[quote=""lpetrich""]I have discovered several of them:
Flesch–Kincaid readability tests
Gunning fog index
Coleman–Liau index
Automated readability index
SMOG
Dale–Chall readability formula
Spache readability formula
Fry readability formula
They all use words per sentence, along with syllables or letters or long/unfamiliar/complex/difficult words per word.
That seems to me overly simplistic, because it does not involve some estimate of syntactical complexity. To see why that is a problem, let us consider these three sets of sentences.
- I watched the cat. She was eating her dinner.
- I watched the cat, and she was eating her dinner.
- I watched the cat, as she was eating her dinner.
Most readability indexes would make (2) and (3) equal or very close to equal, even though (2) and (3) are syntactically rather different. (2) is essentially (1) with the sentences each turned into co-equal clauses. (3) is different from the other two.

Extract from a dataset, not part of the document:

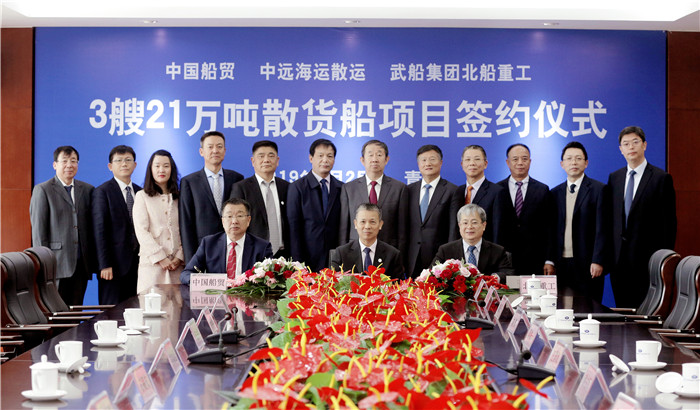 中遠(yuǎn)海運散貨運輸有限公司副總經(jīng)理黃志強、中國船舶重工國際貿(mào)易有限公司副總經(jīng)理蔡洙一和武船集團北船重工黨委書記、董事長王國海代表三方在建造合同上簽字。

The second clause (she was eating her dinner) is turned into a modifier of the first clause (I watched the cat).
A complexity-based index would place (2) as not much more complex than (1) and (3) as significantly more complex than (1) or (2).
I went over to scholar.google.com to look for attempts to use syntactic complexity in readability testing, but I found only a few papers, and they did not state their results very clearly.[/quote]
I disagree. #1 is simpler than #2 because the period completes the first thought and then the second sentence builds upon that. You have less pending material to think about.
In the programming world this is very clear--our complexity measures definitely favor #1 over #2 or #3.
Also, look at books for young kids--#1 is definitely favored.